[[ Records for this task, beginning ]]

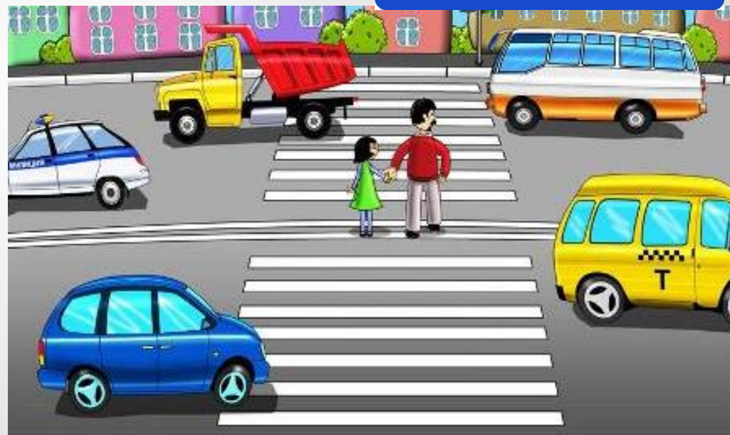
Нерегулируемый пешеходный переход (нет светофора)
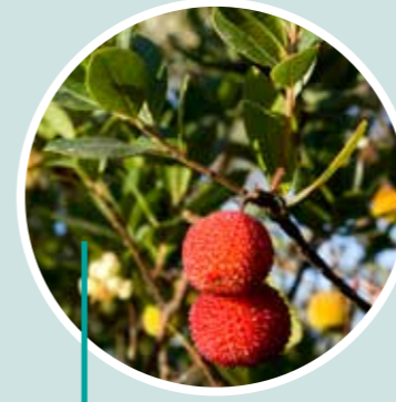
Conoce el poder de las plantas Ecospirulina Calderona Viva
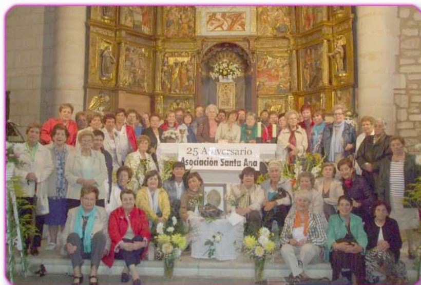
Visita de la Asociación Gizatiar a Salinas de Añana

Como ellas este año celebran el 25 aniversario de su fundación, una representación de Gizatiar asistió como invitada a la celebración del acontecimiento en Salinas.
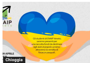
Chioggia: focacce solidali per l'Ucraina da Enaip
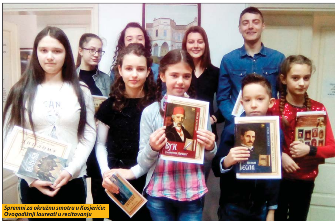
Spremni za okružnu smotru u Kosjeriću: Ovogodišnji laureati u recitovanju
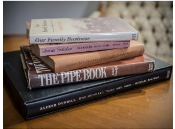
Dunhill Bücher aus der Sammlung des Autors

Dieser Luxus-Konzern versuchte uns unverbesserliche Romantiker, Nostalgiker und naive Schöngeister im alten Geist von Alfred einzulullen. Sie bieten teure Pfeifen an, tolle (teure) Tabake, wunderschöne Feuerzeuge und so weiter. Wir glauben, wir könnten mit dem Erwerb ein Teil dieser wenn auch nicht „guten, alten“ aber immerhin „kulturvolleren“ Zeit werden. Als noch Gentlemen, Herren im Tweed oder feinsten Savile-Row-Anzügen in den Laden in der Duke Street kamen und ihre eigene Mixture kauften. Hinter dem Tresen blätterte Alfred Dunhill in einem großen goldenen Buch, fand hinter dem Namen des Earl of Irgendwas dessen spezielle Tabakrezeptur. Er griff hinter sich ein paar große irdene Gefäße und wog die Mixture Nr. 123 für den Kunden ab.
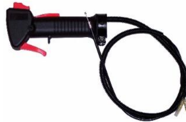
Mando gas desbrozador
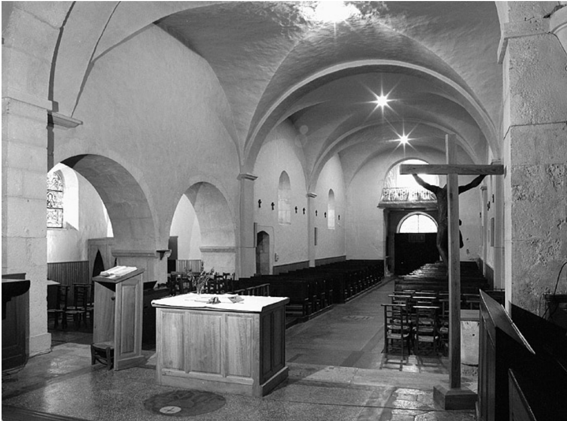
L'élévation sud du vaisseau central, vue depuis le chœur. 39, Viry
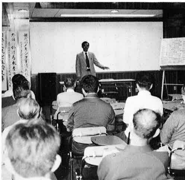
「最近のメキシコ事情を語る」講演会から

十月十四日メキシコを理解するために「メキシコ事情を語る講演会」が公民館で開催され、参加者は少なかつたものの、とても有意義な講演会でした。
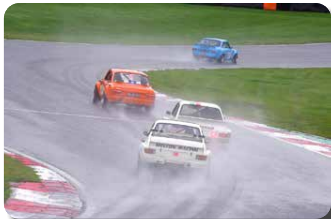
Brands Hatch Jan Willem Oosterhagen in de regen.

Helaas werd de eerste race in stromende regen verreden en werd er begrijpelijker wijs "op kousenvoeten gereden". En zoals bekend is Brands Hatch in de regen niet echt leuk. Het pitsterrein lijkt dan meer op het olympisch parcours 'wildwatervaren' en aan echte racesfeer ontbreekt het dan. Maar gelukkig werd de tweede race in min of meer droge omstandigheden verreden. De onder Britse reglementen rijdende auto's waren voor de Nederlanders veel te snel maar zij konden zich goed meten met "soortgenoten" en werden zo "best of the rest" en...zonder brokken.
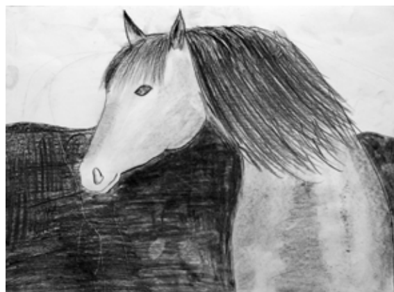
Manja Balaj, 7. b
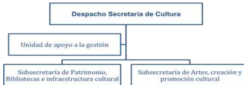
Ilustración 1. Estructura organizacional Secretaría de Cultura - Distrito de Santiago de Cali
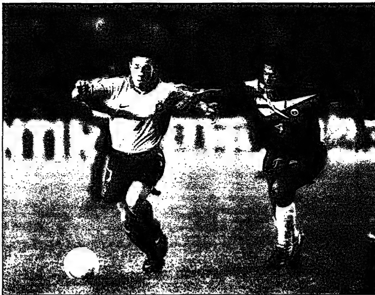
اللاعب التشيلي رونالدو فيرونالدو الى اليسار ينافس جونيلينو لاعب البرازيل على الكرة في المباراة الودية بين الفريقين (دوروثي)
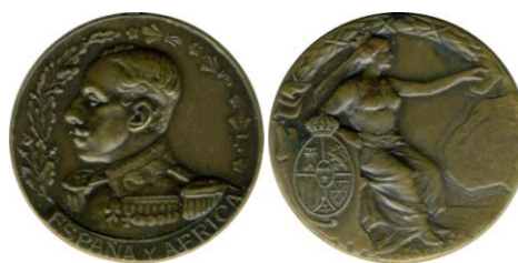
Fig. 20. Modelo D8 Colección Carlos Lozano Liarte
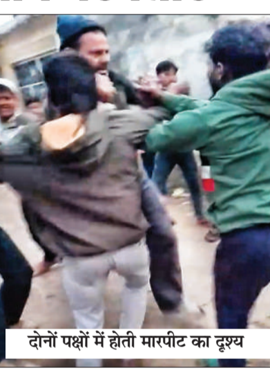
दोनों पक्षों में होती मारपीट का दृश्य

नांगल सोती (चिंगारी)। गुरुवार शाम ग्राम सौफतपुर में मामूली बात को लेकर दो पक्षों के बीच मारपीट हो गई। घटना का वीडियो सोशल मीडिया पर वायरल हो गया। दोनों पक्ष अलग-अलग साम्प्रदायिक रंग देने के कारण कुछ लोगों द्वारा मामले को साम्प्रदायिक रंग देने का प्रयास किया गया। पुलिस ने मुकदमा दर्ज कर आरोपियों को गिरफ्तार कर लिया है।
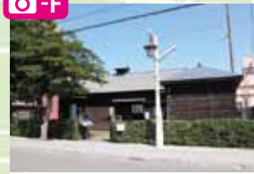
国の指定史跡である琴似屯田兵村兵屋跡(琴似2-5)は内部の見学可能。
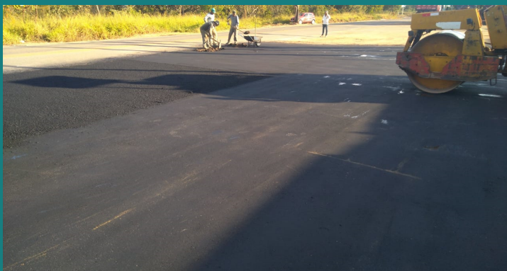
Obra de melhoria e adequação COFER
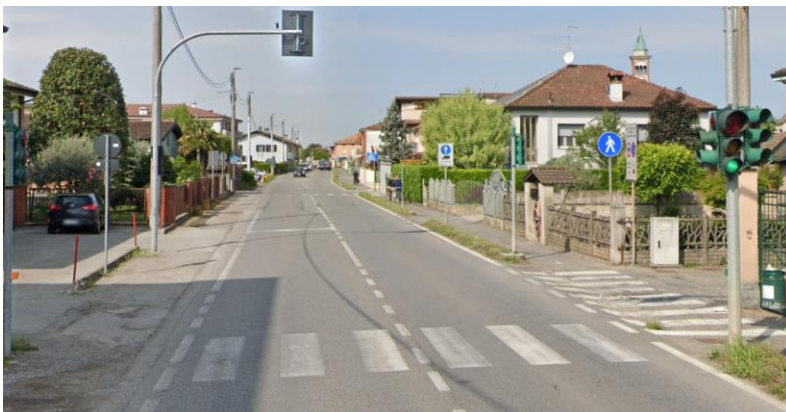
Impianto 3 – Incrocio Quasimodo – Indipendenza: Pedonale senza sbarchi accessibili
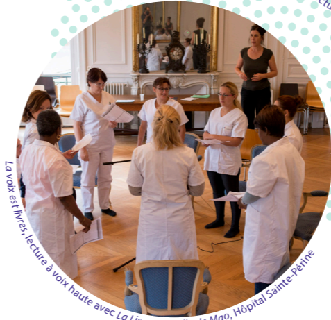
La voix est livrée, lecture à voix haute avec La Liseuse

« La poésie a le pouvoir de lâcher-prise, de lever les préjugés. »
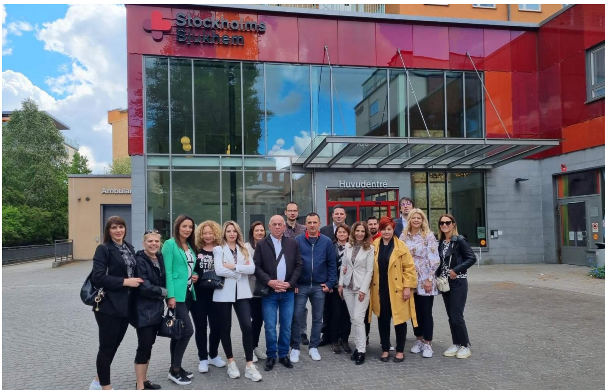
Slika 1 Projektni timovi na studijskom putovanju u Švedskoj

ustanova Dom zdravlja Zenica (JUDZZ) i Javna zdravstvena ustanova Dom zdravlja Podgorica (JZUDZP). Sve četiri institucije imaju bogato iskustvo u pružanju usluga primarne zdravstvene zaštite. Uz navedeno DZLJ jedna je od rijetkih institucija u regiji koja posjeduje hospicij te bogato iskustvo u pružanju usluge palijativne skrbi. DZLJ i DZM koristili su znanje stečeno projektom Q-Access kako bi pomogli JZUDZP i JUDZZ u uspostavljanju usluge palijativne skrbi. Vodeći partner, DZM, koordinirao je implementacijom projekta no svi projektni partneri zajednički su radili na provedbi projektnih aktivnosti.
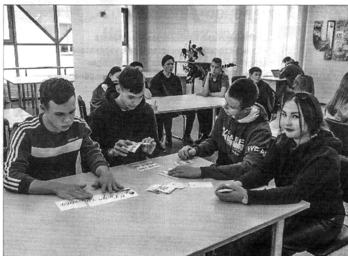
▲ Ученики из Ибресинского района сразились в интеллектуальном турнире в честь Александра Невского «Кто с мечом к нам придёт – от меча и погибнет»

[[ Records for this task, end ]]

About this task: Copy exactly the lines of the entries above from the one containing "اللاعب التشيلي رونالدو" through the one containing "दोनों पक्षों में होती मारपीट का दृश्य". Both end lines count; pictures do not.

Output of the task:
اللاعب التشيلي رونالدو فيرونالدو الى اليسار ينافس جونيلينو لاعب البرازيل على الكرة في المباراة الودية بين الفريقين (دوروثي)
Fig. 20. Modelo D8 Colección Carlos Lozano Liarte
दोनों पक्षों में होती मारपीट का दृश्य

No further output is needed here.